We are also now experiencing the unrelenting growth of certain monolithic industrial and commercial empires that avoid paying their fair taxes and have all too often put an end to smaller companies with a more compassionate attitude to people, to their local economic situation and to personal service with their customers first in mind.

Just about every suburb internationally is now being affected by illicit drug taking and selling with analgesics being swallowed by young and old in an effort to control growing despair and other newly acquired personal problems.

Built-in New Age attitudes are encouraging obesity, immorality, community irresponsibility, selfishness, thoughtlessness, disrespect for authority and reduced work let alone good family ethics.

We and our underage sons and daughters are also being brainwashed by a fast expanding and largely uncontrolled social media as well as by the use of unhealthy words in song messaging.

Our news is being punctured by irrelevant personal opinions, by manipulated facts and by “entertainment” programmes centred on unhealthy negativity and undesirable behaviours.

In addition, the modern Anthropocene talk of today is that we have to immediately stop burning all fossil fuels, do without petroleum for transport and capture the sun’s energy to propel all our future modes of transport and keep our home lights and factories going.

These are all very laudable targets to achieve but little do we, however, realise that each of us are being urgently pressed into buying all the latest equipment, white goods and “toys” that can only be of use if powered by electric power — and while having no guarantee that our alternative sources of energy will supply us with sufficient power to meet all our future needs.

The wholesale change-over to literally everything being powered only by energy from sun, wind and hydro-powered plants will require more electricity than ever and possibly beyond the capacity of all our natural sources.

As we already know, the main computer networks of the world currently use far more power each year than that used by Australia, New Zealand and France combined.

In considering our current attempts to rectify the mounting problems of the “new” world, I have to ask whether we are as yet really on track to find a workable solution to our various possible woes?

I am not a negative person by nature or by profession as a journalist, economist and political scientist — or an old fogey, as some may say.
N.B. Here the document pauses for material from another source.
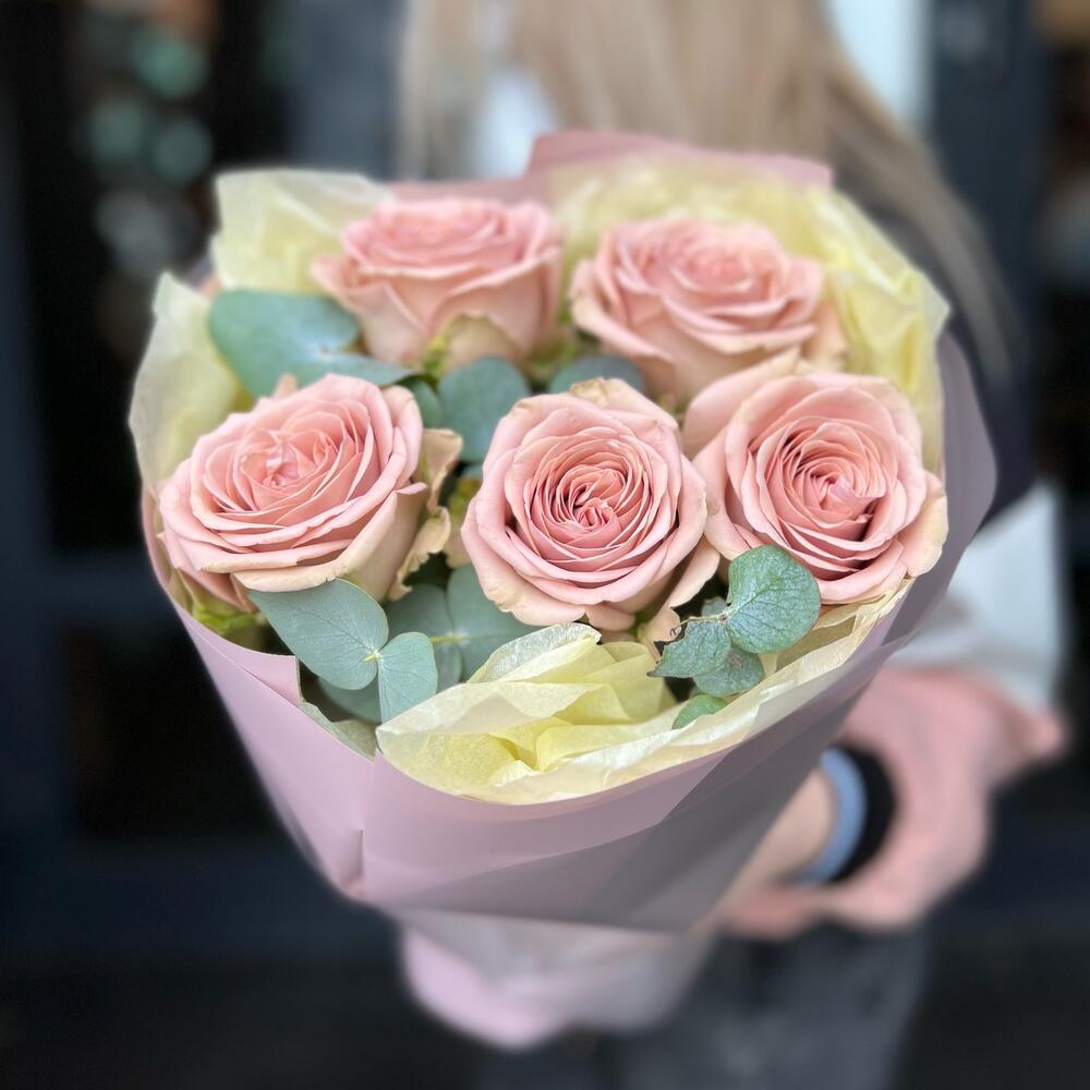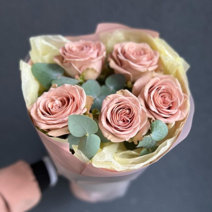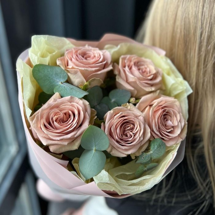 Роза мокко – 5 шт.Эвкалипт – 4 шт.Упаковка дизайнерская – 1 шт.Лента атласная – 1 шт.

But my many years of recording and researching our world history tells me that too many of our changes are not bringing us too many real foreseeable advantages.

And what of the future in this Fourth Industrial and Social Revolution we now find ourselves in? In a few years’ time, there will be no cars as we have known them. There will not be any vehicle repair workshops to talk of and few dealers in spare parts.
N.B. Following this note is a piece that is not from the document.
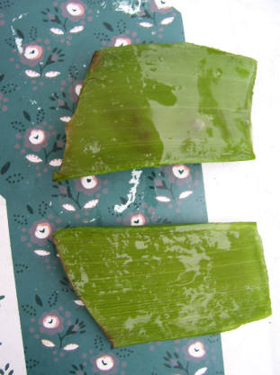 The first thing to do is cut along the sides of the leaf and remove the prickers illustration below left. They are lethal little buggers.

Our cars today have an average of 20,000 manufactured components. Refined electronic vehicles of the future will have less than 100 parts and will be fitted with electric motors that can be replaced in a matter of minutes.

Autonomous cars may fortunately result in fewer vehicles in the streets, fewer parking lots, cleaner city air and cheaper insurance costs by hypothetical virtue of fewer accidents and road deaths. Today’s petrol-driven cars, on the other hand, will only as a rule in future be found in local museums.

There will be no taxis as such, only autonomous and driverless Uber-style transport. Further advances in AI vehicles will no doubt spell the end to taxis, leaving us with only autonomous vehicles we can hire for a fee.

AI will also replace common GPs in monitoring our general health issues. Houses and minor buildings will be constructed by as yet untested 3D methods with fewer trades and tradesmen being needed in the national workforce.

Computer programmes will diagnose cancers, will replace lawyers for advice and will dominate everything that moves in our homes.

Further refined home computer study will replace many personal face-to-face university lecture halls. Likewise, future wars will be run entirely by computers and long-range guided missiles on a grander scale than those armaments already in use today. What more, one may well ask?